Results. We find that how filaments affect the H I gas is generally less significant compared to the halo environment. There is a weak trend in the observations at z = 0 that low-mass haloes lying closer to the filaments tend to have reduced H I masses. However, this trend reverses for massive haloes with log(Mvir/M⊙) > 12.5. This behaviour is accurately reproduced in the NUM model due to the dependence of H I gas on the halo formation time, but it does not appear in IllustrisTNG. The influence of filaments on the H I gas becomes slightly weaker at higher redshifts and is only significant for galaxies that reside in massive haloes in the NUM model. Filaments have almost no impact on the H2-stellar-mass relation in both models, confirming that H2 is primarily determined by the galaxy stellar mass and star formation rate.
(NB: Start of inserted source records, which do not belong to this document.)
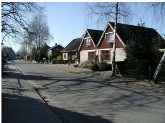
Een divers bebouwingsbeeld aan de Koeweg door verspringende rooilijnen en oriëntering
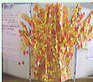
【見事に咲いた読書の木】
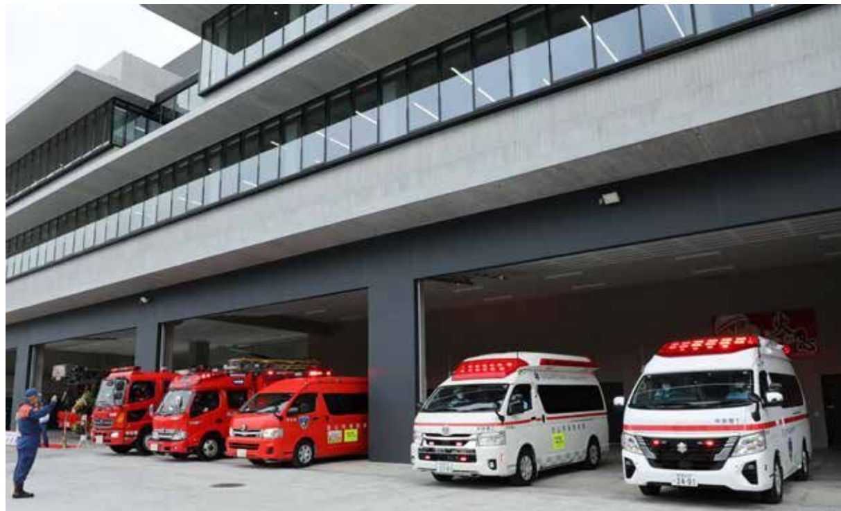
6月から新庁舎で業務を開始した消防本部・中央消防署

令和7年も残りわずかとなりました。今年は市民の皆さんにとってどのような1年だったでしょうか。
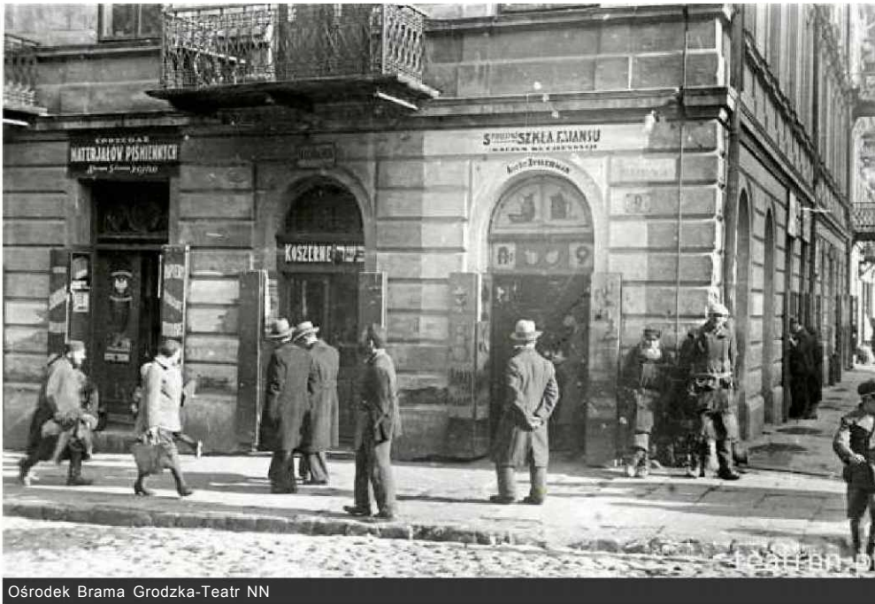
Ośrodek Brama Grodzka-Teatr NN

Key words: ISM: atoms / ISM: molecules / galaxies: evolution / galaxies: halos / large-scale structure of Universe
© The Authors 2025
Open Access article, published by EDP Sciences, under the terms of the Creative Commons Attribution License (https://creativecommons.org/licenses/by/4.0), which permits unrestricted use, distribution, and reproduction in any medium, provided the original work is properly cited.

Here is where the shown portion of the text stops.